The pixel revolution, the future of game graphics according to Edge article

More than a decade ago, old-school game coders urged their peers to reject the one true way of a fixed graphics pipeline, as embodied by the combination of Microsoft’s emerging DirectX API and the first wave of PC GPUs. The old school lost. The semi-standardisation of the graphics pipeline underwrote a leap forward in the visual quality of PC games and consoles, from Xbox to PlayStation 3.

From the start, however, the sameness that a fixed pipeline imposed on game engines and their output was apparent. In the early days you could usually tell what GPU a PC game was running on simply by the graphical effects, irrespective of the title or developer.

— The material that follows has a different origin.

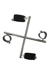 Система состоит из двух прочных металлических перекладин, формирующих перекрестную основу. На концах размещены манжеты из кожзама, которые прилегают к телу и не создают дискомфорта при правильном использовании. Благодаря регулируемому размеру манжеты можно подстроить под индивидуальные параметры, а застежки с навесными замочками придают ощущение надежной фиксации и усиливают атмосферу игры.

Change began five years ago with the move from fixed-function GPUs to a new generation that enabled semi-programmability through shaders. Game developers embraced the relative freedom and now they want more.

A fantastic article on the future of real-time graphics techniques, with a number of mini interviews with experts of the field, can be found on the online version of the excellent Edge magazine and is well worth a read for anybody wanting to investigate the upcoming trends in real-time game visuals.

http://www.edge-online.com/features/the-pixel-revolution

1 comment:

Matthew Fuller said...

thanks I have been looking forward to future rendering techniques. I have almost no knowledge of programming (my major is cognitive science at UTD). But for some reason they make me take programming and linear algebra. It just so happens I have a fascination with 2d surface patterns. Are you aware of any programs that can easily create 2d patterns in motion?